__EXCERPTED RECORDS__.

Start of Block

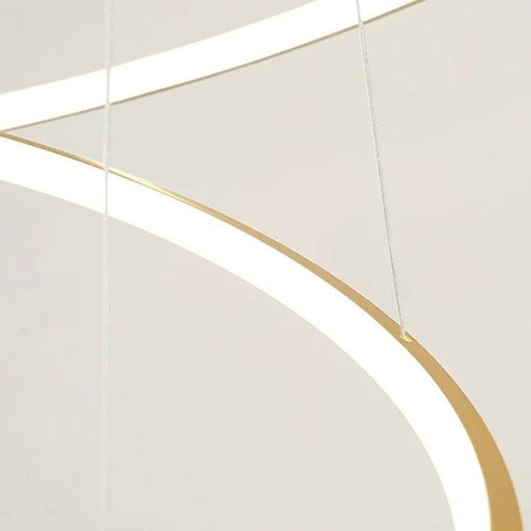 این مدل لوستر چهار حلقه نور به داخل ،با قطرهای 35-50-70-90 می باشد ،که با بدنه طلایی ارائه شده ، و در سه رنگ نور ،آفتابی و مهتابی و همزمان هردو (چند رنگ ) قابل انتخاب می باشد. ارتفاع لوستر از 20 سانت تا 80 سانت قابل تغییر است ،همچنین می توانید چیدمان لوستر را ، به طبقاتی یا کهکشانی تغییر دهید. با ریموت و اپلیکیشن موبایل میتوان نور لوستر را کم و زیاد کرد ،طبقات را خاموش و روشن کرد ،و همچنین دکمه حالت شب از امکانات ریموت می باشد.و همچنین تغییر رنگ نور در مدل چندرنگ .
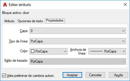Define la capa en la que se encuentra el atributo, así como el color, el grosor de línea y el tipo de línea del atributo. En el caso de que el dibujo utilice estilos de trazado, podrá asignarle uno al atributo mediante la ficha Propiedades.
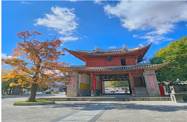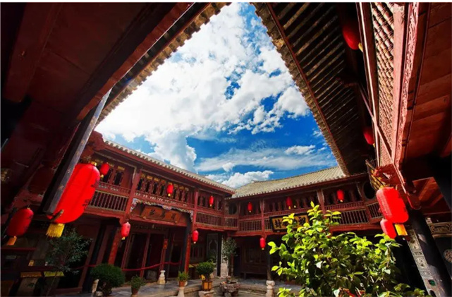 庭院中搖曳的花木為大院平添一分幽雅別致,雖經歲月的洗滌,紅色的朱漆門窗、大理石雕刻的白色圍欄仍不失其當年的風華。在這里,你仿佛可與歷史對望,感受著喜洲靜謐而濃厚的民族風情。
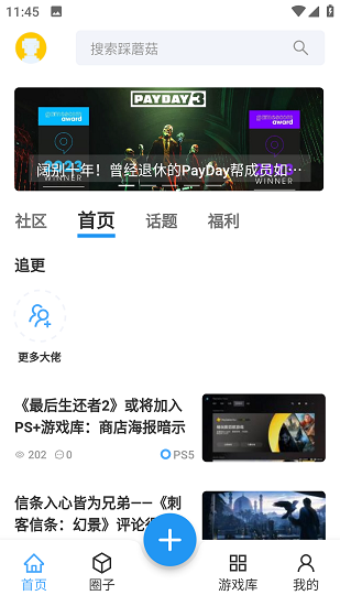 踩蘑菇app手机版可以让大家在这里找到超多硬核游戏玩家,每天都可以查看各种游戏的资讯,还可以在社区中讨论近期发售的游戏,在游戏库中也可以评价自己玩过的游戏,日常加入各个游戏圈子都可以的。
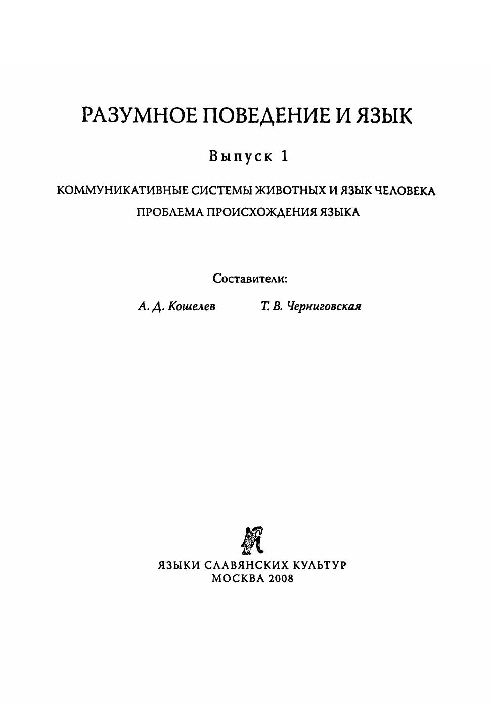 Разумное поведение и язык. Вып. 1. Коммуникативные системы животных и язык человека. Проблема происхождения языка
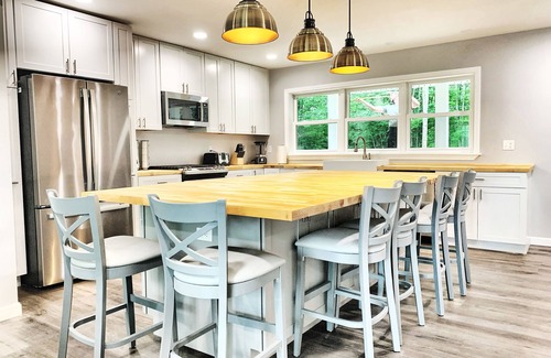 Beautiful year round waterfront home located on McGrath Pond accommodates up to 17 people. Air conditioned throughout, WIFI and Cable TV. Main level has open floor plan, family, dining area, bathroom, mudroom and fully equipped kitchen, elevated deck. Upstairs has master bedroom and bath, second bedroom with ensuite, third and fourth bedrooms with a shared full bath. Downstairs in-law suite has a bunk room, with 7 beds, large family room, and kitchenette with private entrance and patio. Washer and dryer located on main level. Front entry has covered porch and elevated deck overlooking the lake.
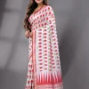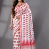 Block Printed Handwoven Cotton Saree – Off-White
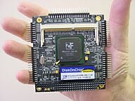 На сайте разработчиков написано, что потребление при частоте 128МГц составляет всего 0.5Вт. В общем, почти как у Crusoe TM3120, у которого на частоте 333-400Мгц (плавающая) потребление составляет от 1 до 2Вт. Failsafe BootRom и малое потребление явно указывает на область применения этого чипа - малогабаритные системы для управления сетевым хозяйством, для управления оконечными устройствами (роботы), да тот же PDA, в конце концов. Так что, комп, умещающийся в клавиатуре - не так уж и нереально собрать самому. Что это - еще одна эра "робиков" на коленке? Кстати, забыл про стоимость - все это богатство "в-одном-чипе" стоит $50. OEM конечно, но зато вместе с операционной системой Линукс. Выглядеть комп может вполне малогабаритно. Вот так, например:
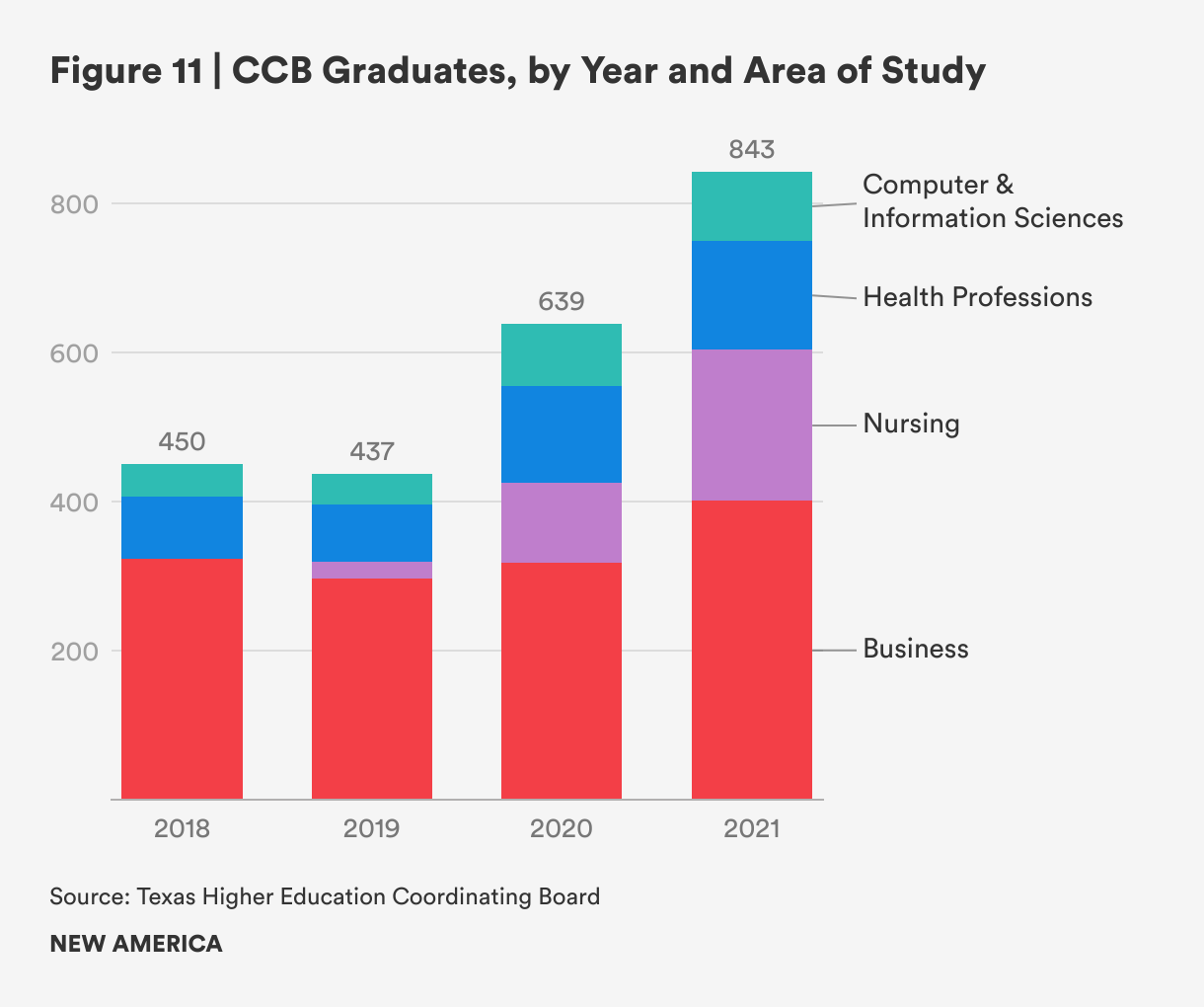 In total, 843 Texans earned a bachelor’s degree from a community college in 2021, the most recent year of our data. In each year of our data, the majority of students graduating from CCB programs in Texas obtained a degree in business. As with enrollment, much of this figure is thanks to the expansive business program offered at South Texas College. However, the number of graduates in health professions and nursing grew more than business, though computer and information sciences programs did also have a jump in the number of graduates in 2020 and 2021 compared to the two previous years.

End of Block

__YOUR TASK__. When you reach the line that contains "Block Printed Handwoven", start reproducing, and continue word for word to the end of the records; skip all pictures.

__WRITTEN ANSWER__.
 Block Printed Handwoven Cotton Saree – Off-White
 На сайте разработчиков написано, что потребление при частоте 128МГц составляет всего 0.5Вт. В общем, почти как у Crusoe TM3120, у которого на частоте 333-400Мгц (плавающая) потребление составляет от 1 до 2Вт. Failsafe BootRom и малое потребление явно указывает на область применения этого чипа - малогабаритные системы для управления сетевым хозяйством, для управления оконечными устройствами (роботы), да тот же PDA, в конце концов. Так что, комп, умещающийся в клавиатуре - не так уж и нереально собрать самому. Что это - еще одна эра "робиков" на коленке? Кстати, забыл про стоимость - все это богатство "в-одном-чипе" стоит $50. OEM конечно, но зато вместе с операционной системой Линукс. Выглядеть комп может вполне малогабаритно. Вот так, например:
 In total, 843 Texans earned a bachelor’s degree from a community college in 2021, the most recent year of our data. In each year of our data, the majority of students graduating from CCB programs in Texas obtained a degree in business. As with enrollment, much of this figure is thanks to the expansive business program offered at South Texas College. However, the number of graduates in health professions and nursing grew more than business, though computer and information sciences programs did also have a jump in the number of graduates in 2020 and 2021 compared to the two previous years.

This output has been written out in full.